Wherever a picture sits, omit it. Output the rest of the listing exactly.

**ENTRIES SUPPLIED**
________________________

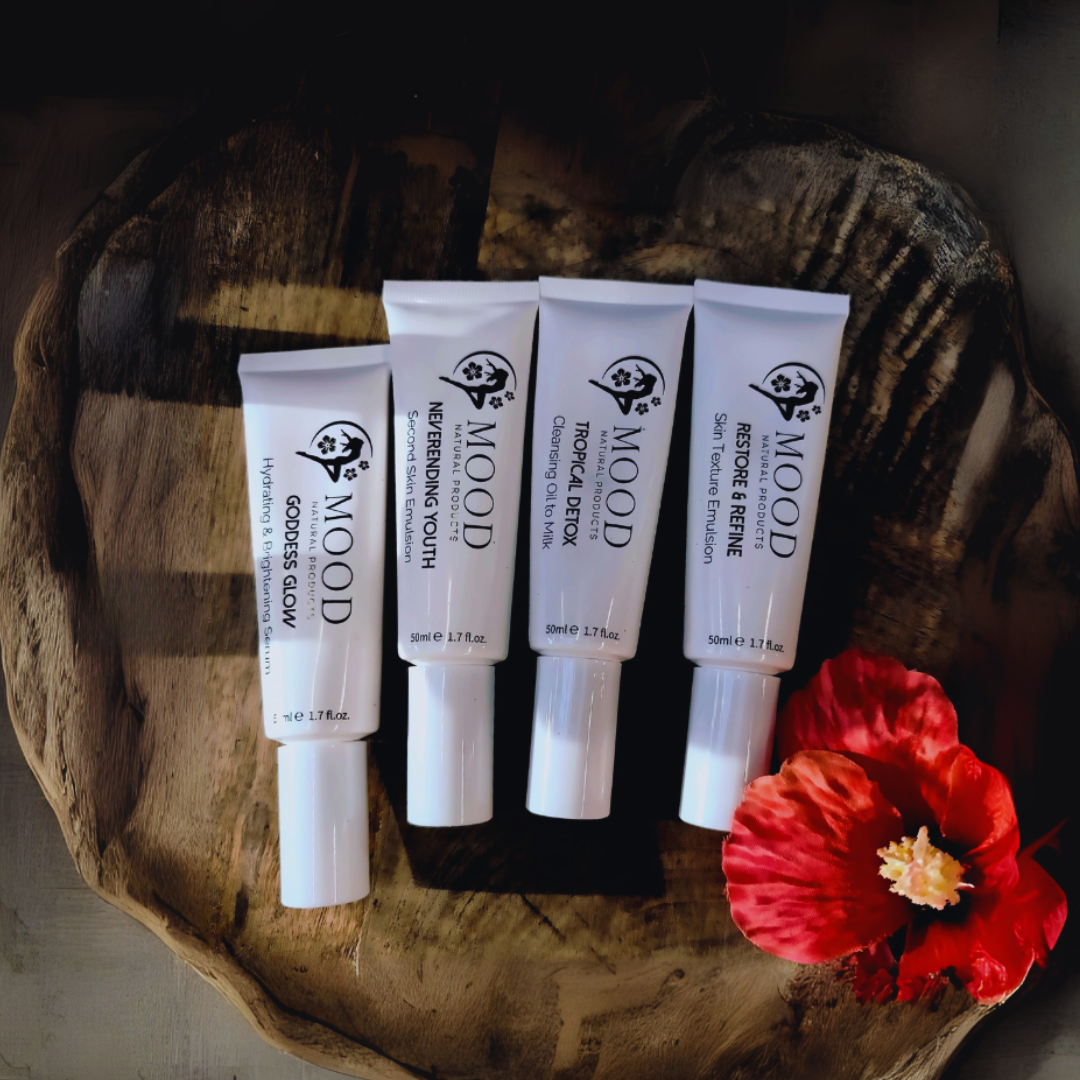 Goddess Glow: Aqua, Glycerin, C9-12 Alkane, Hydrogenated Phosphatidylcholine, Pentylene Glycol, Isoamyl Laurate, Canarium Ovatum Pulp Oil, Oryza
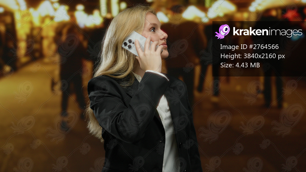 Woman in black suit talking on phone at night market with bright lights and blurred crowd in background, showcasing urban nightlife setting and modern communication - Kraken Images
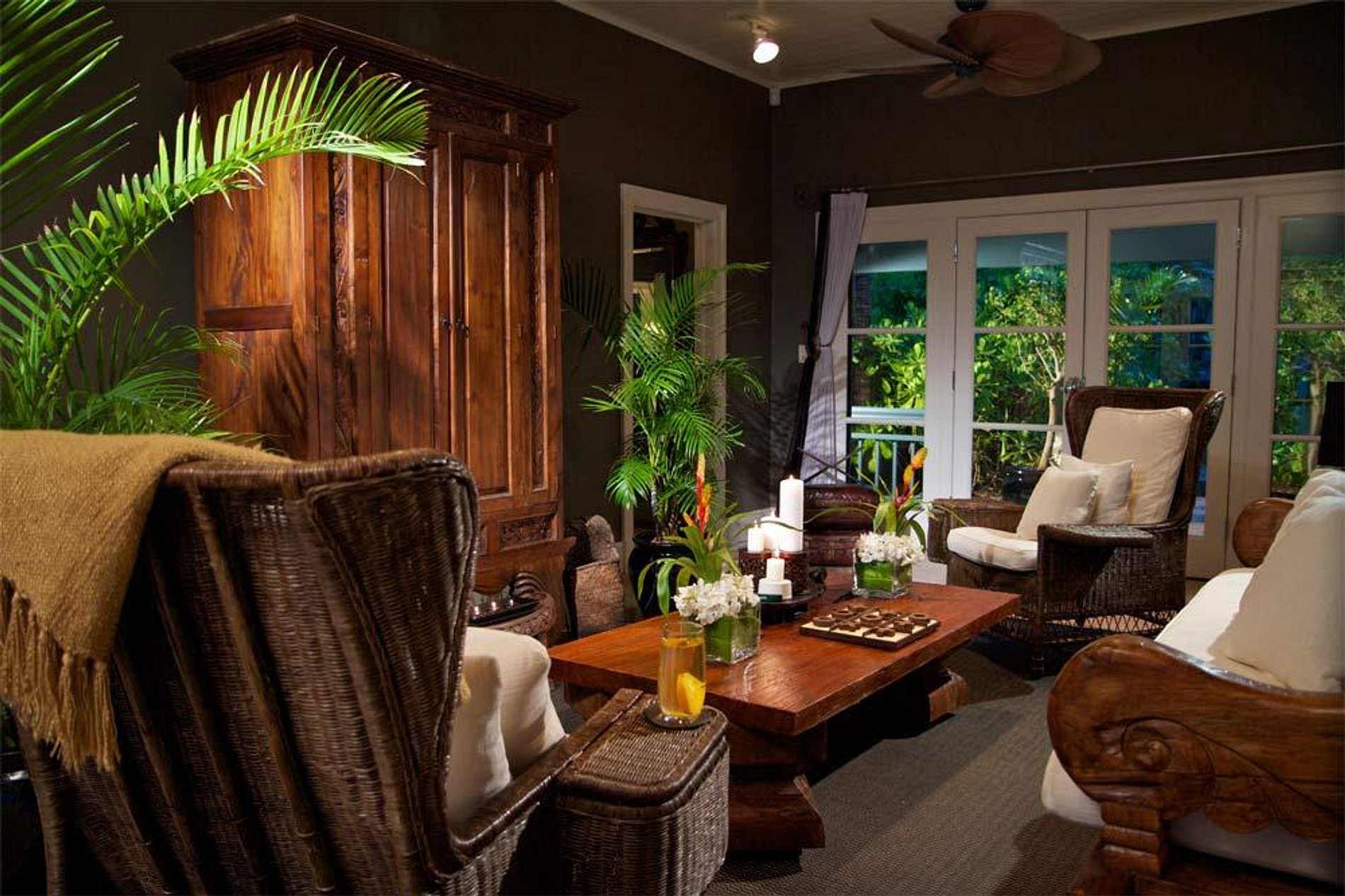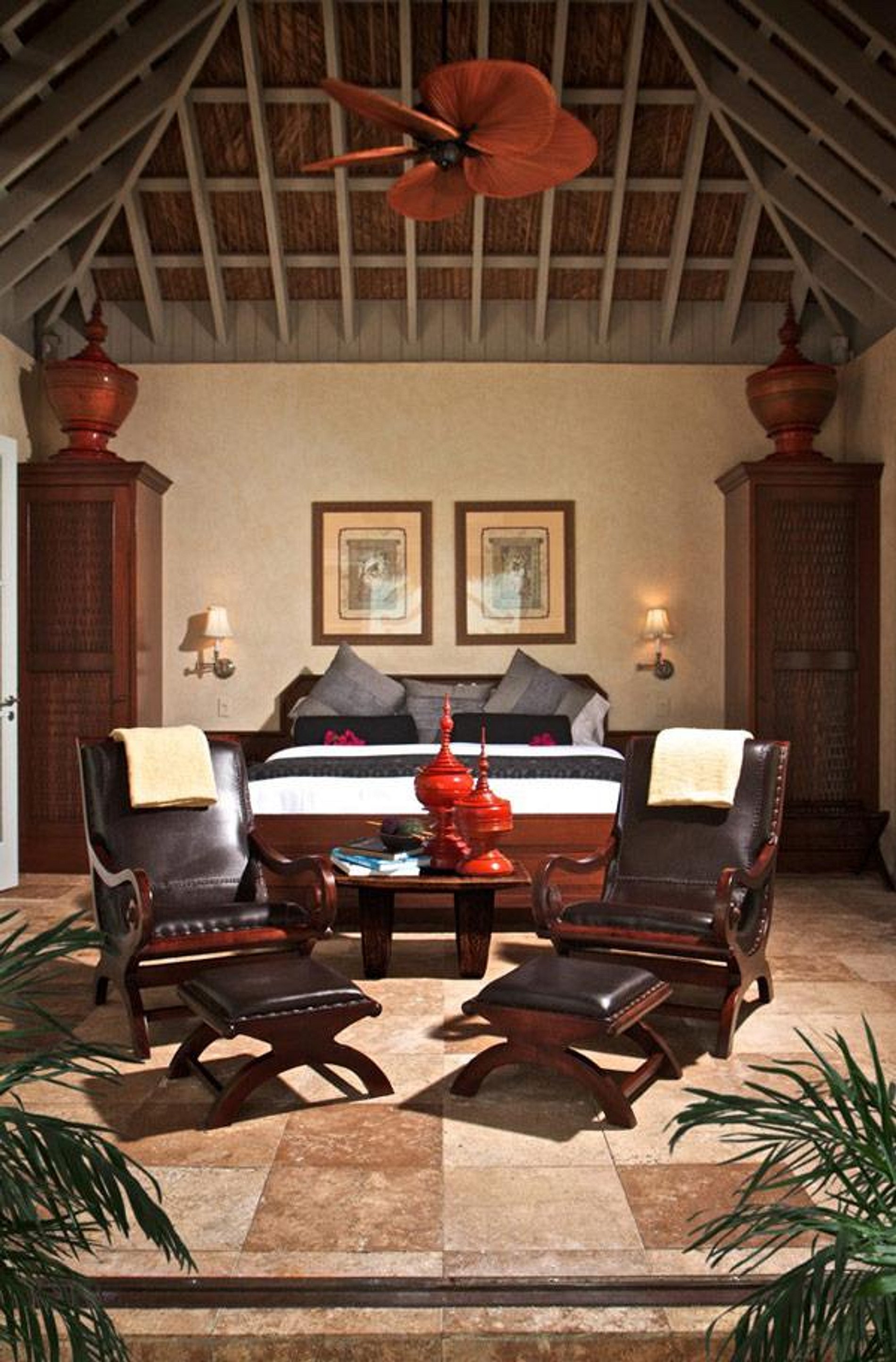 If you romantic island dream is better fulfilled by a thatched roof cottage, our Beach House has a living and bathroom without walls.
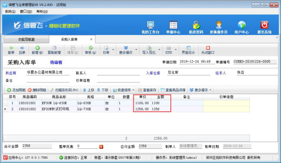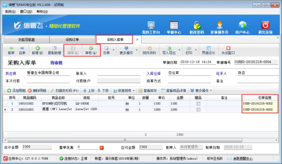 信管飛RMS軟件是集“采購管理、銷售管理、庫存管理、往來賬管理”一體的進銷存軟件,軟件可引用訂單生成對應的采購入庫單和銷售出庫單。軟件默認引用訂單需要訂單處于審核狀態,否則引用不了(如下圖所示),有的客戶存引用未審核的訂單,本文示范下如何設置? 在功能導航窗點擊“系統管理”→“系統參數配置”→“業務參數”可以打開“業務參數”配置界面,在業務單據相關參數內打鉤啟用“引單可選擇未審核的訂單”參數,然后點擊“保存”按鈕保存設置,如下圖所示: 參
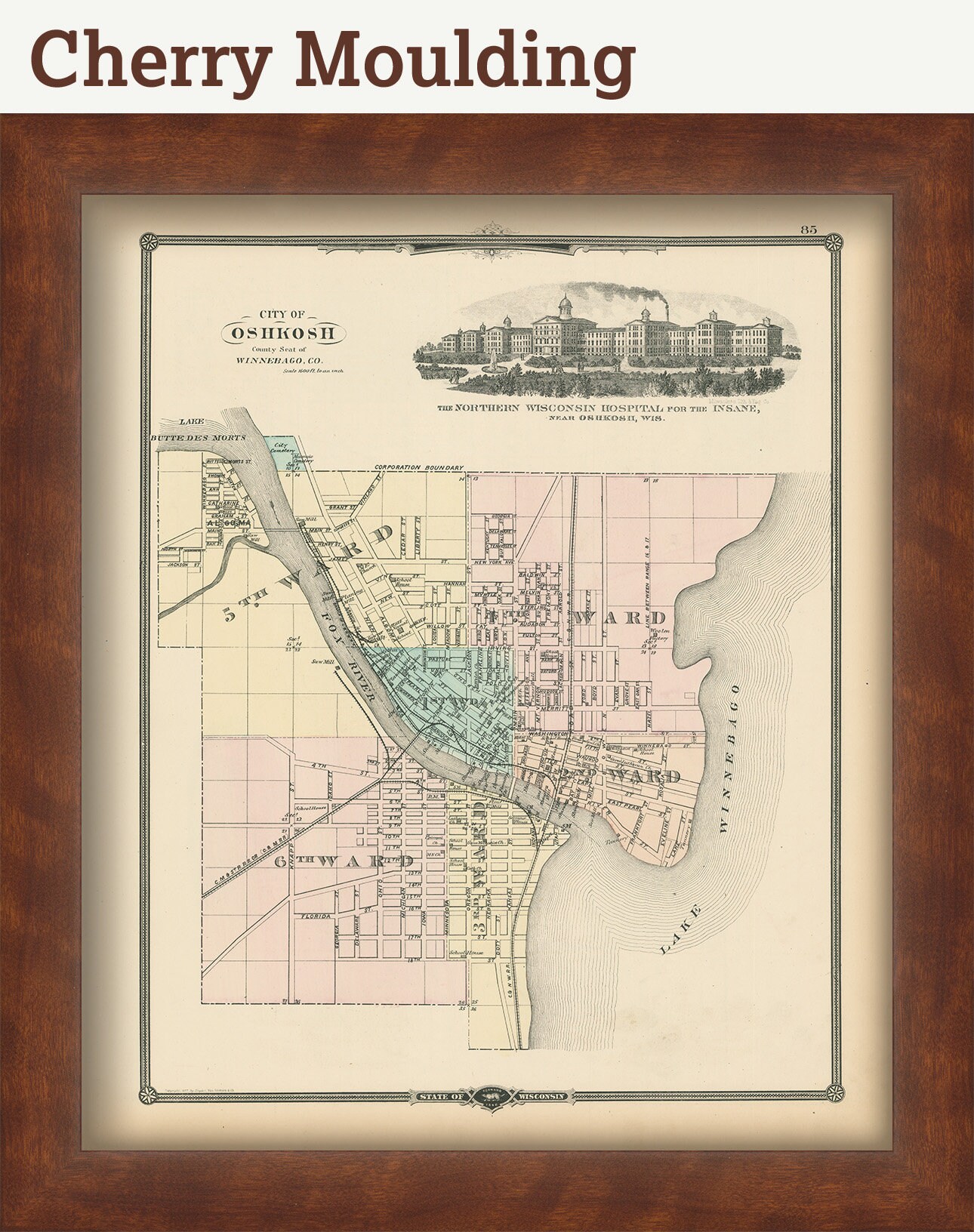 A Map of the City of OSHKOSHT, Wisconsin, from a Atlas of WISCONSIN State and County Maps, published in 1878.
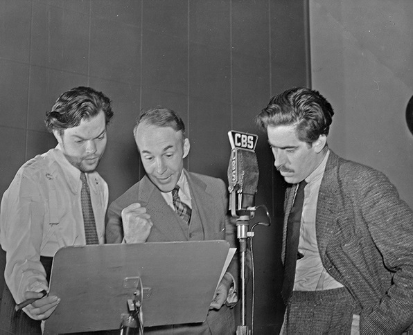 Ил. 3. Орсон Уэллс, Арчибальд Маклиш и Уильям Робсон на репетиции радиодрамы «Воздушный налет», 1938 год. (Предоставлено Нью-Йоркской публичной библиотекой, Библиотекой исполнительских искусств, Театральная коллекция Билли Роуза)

________________________

**WRITTEN RESPONSE**
 Goddess Glow: Aqua, Glycerin, C9-12 Alkane, Hydrogenated Phosphatidylcholine, Pentylene Glycol, Isoamyl Laurate, Canarium Ovatum Pulp Oil, Oryza
 Woman in black suit talking on phone at night market with bright lights and blurred crowd in background, showcasing urban nightlife setting and modern communication - Kraken Images
 If you romantic island dream is better fulfilled by a thatched roof cottage, our Beach House has a living and bathroom without walls.
 信管飛RMS軟件是集“采購管理、銷售管理、庫存管理、往來賬管理”一體的進銷存軟件,軟件可引用訂單生成對應的采購入庫單和銷售出庫單。軟件默認引用訂單需要訂單處于審核狀態,否則引用不了(如下圖所示),有的客戶存引用未審核的訂單,本文示范下如何設置? 在功能導航窗點擊“系統管理”→“系統參數配置”→“業務參數”可以打開“業務參數”配置界面,在業務單據相關參數內打鉤啟用“引單可選擇未審核的訂單”參數,然后點擊“保存”按鈕保存設置,如下圖所示: 參
 A Map of the City of OSHKOSHT, Wisconsin, from a Atlas of WISCONSIN State and County Maps, published in 1878.
 Ил. 3. Орсон Уэллс, Арчибальд Маклиш и Уильям Робсон на репетиции радиодрамы «Воздушный налет», 1938 год. (Предоставлено Нью-Йоркской публичной библиотекой, Библиотекой исполнительских искусств, Театральная коллекция Билли Роуза)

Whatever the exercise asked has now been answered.